» Task:
Go through the following data and transcribe exactly the stretch of lines from the one holding "После фура сбила" to the one holding "حيث استشهد في", both included.

+++ The data +++

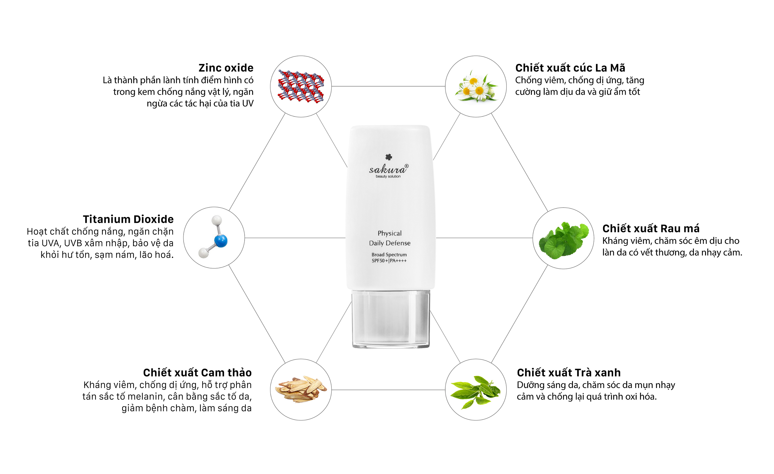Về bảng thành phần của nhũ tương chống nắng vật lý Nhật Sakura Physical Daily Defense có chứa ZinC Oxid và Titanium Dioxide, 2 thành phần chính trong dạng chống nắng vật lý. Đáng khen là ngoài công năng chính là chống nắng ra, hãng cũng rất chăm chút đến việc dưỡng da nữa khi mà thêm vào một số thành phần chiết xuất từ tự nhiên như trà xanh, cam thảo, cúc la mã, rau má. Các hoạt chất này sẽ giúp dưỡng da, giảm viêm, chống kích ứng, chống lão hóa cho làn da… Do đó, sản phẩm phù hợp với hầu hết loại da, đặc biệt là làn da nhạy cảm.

+++
+++ The data +++

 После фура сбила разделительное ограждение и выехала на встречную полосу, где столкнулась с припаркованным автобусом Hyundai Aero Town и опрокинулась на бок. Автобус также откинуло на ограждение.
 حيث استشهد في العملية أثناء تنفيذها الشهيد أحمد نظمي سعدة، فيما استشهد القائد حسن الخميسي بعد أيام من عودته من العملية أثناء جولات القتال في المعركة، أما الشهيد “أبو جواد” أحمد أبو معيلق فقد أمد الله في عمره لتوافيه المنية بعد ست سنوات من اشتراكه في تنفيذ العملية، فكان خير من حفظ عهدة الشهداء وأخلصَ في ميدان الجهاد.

+++

» Solution:
 После фура сбила разделительное ограждение и выехала на встречную полосу, где столкнулась с припаркованным автобусом Hyundai Aero Town и опрокинулась на бок. Автобус также откинуло на ограждение.
 حيث استشهد في العملية أثناء تنفيذها الشهيد أحمد نظمي سعدة، فيما استشهد القائد حسن الخميسي بعد أيام من عودته من العملية أثناء جولات القتال في المعركة، أما الشهيد “أبو جواد” أحمد أبو معيلق فقد أمد الله في عمره لتوافيه المنية بعد ست سنوات من اشتراكه في تنفيذ العملية، فكان خير من حفظ عهدة الشهداء وأخلصَ في ميدان الجهاد.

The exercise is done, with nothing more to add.